Apa masalah utama hewan kecil di Indonesia?
Dalam hal ini kucing dan anjing. overpopulasi.
Apa solusi terbaik untuk overpopulasi?
Steril.
Steril bersubsidi di manapun berada sering menjadi pro dan kontra di kalangan pemilik maupun dokter hewan. Ada masyarakat bersama dokter hewan yang peduli untuk mengadakan steril bersubsidi sehingga siapa saja bisa mensteril kucingnya maupun kucing liar di sekitar. Rumah Steril cuma salah satunya. Saya sendiri sudah mengenal steril bersubsidi sejak 2006. Saya masih ingat nama dokter tersebut.

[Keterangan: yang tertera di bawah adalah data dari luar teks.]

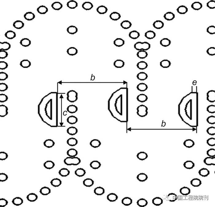 图14. 辐射元件的形状。b = 6 mm;c = 2.88 mm;e = 0.5 mm。b:两个连续槽之间的间隔距离;c:槽长度;e:槽宽度。
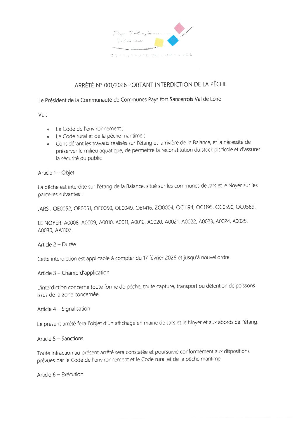 ARRÊTÉ INTERDISANT LA PÈCHE ÉTANG DE ...

Seiring waktu berjalan, kegiatan ini menyebar ke berbagai kota di Indonesia. Beberapa nama yang cukup populer seperti Meong Bandung, Steril Yuk. Rumah Steril sendiri baru muncul di tahun 2014. Niat sederhana ini tidak selalu mendapat tanggapan positif. Sisi kontranya, dari persatuan dokter hewan sendiri memiliki kekhawatiran bahwa steril bersubsidi dilakukan oleh bukan dokter hewan ataupun dilakukan tidak menurut Standar Operasional yang ditetapkan.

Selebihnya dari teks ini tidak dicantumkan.